2) Read your Bible! Often!  The way God works in my life when the preacher preaches is something special.  Faith does come by hearing and often that hearing is through the preaching of the word of God. But it’s the word, not the preacher that I need.  If I don’t know how to get to the word myself and how to digest it and apply it to my life I’ll be immature and dependent on a preacher… which is dangerous.

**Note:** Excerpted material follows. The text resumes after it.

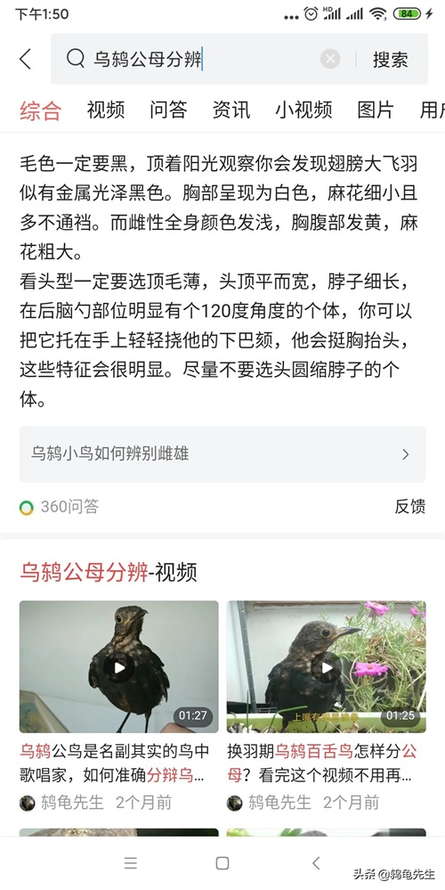 更多关于乌鸫公母分辨的方法和信息,鸫龟先生建议大家,直接用今日头条app上方的搜索框输入“乌鸫公母分辨”,点击搜索,即有大量详尽的文字、图片及视频等分辨方法。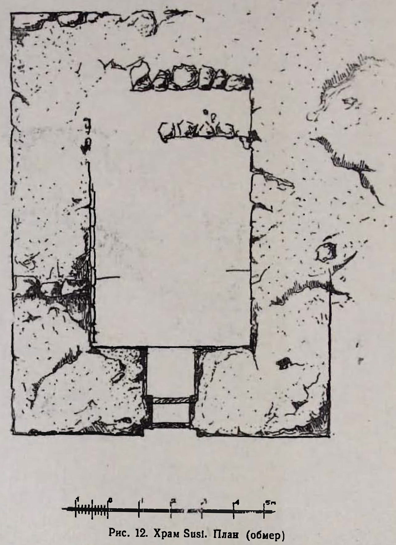 우라르트의 최대전성기 때 세워진 것으로 알려진 에레부니는 2개의 사원지가 가장 주목받는다. 특히 수시 사원이라고 이름 지워진 곳에서는 1958년에 Argishti I세가 Ivarsha(신)을 위해서 지었다는 비문(설형문자)이 발견되면서 이곳이 에레부니라는 것을 알게 해 준 곳이다(그림 3). 비문은 사원의 입구에서 발견되었다. 수시 사원은 칼디 신의 사원과는 달리 면적이 40㎡정도 밖에 되지 않는데, 메소포타미아 건축 스타일이라고 한다. 전체 평면적은 10.00 × 13.45 m이지만, 내부 면적은 5.05 × 8.08 m 정도 밖에 되지 않는데, 벽이 매우 두텁다(그림 2).

3) Even when things don’t go the way we want in church, it’s still God’s church.  He is working all things for good for those who love him… to conform us to the image of his Son.  Even the falling apart of a huge church like Mars Hill is under his sovereign design for the good of his people and for his glory.   My own experience in loosing a church I loved (which was not due to the same issues as Mars Hill) was hard.  But through it, God has refined my faith and has caused me to see the church world-wide and local in her many branches as a beautiful work of Christ in which I too am a part.  No one preacher or teacher or even denomination should be how I identify with Christ’s church. Paul corrected people in the Corinthian church for saying they followed Apollos, or Cephas, or Paul.  I take the warning.  I don’t follow any pastor or teacher.  I am Christ’s and he is mine.  The pastor functions in his role in the body.  I function in mine.  And we both worship the same Lord.

I’m looking forward to getting to know the people at Valley Life Surprise.  I love the preaching of the word that happens there and the gospel centrality of everything I hear. But I pray Jesus always captivates me… no man.  No preacher.  And I pray I can be even a tiny part in building up His church here in Surprise, AZ.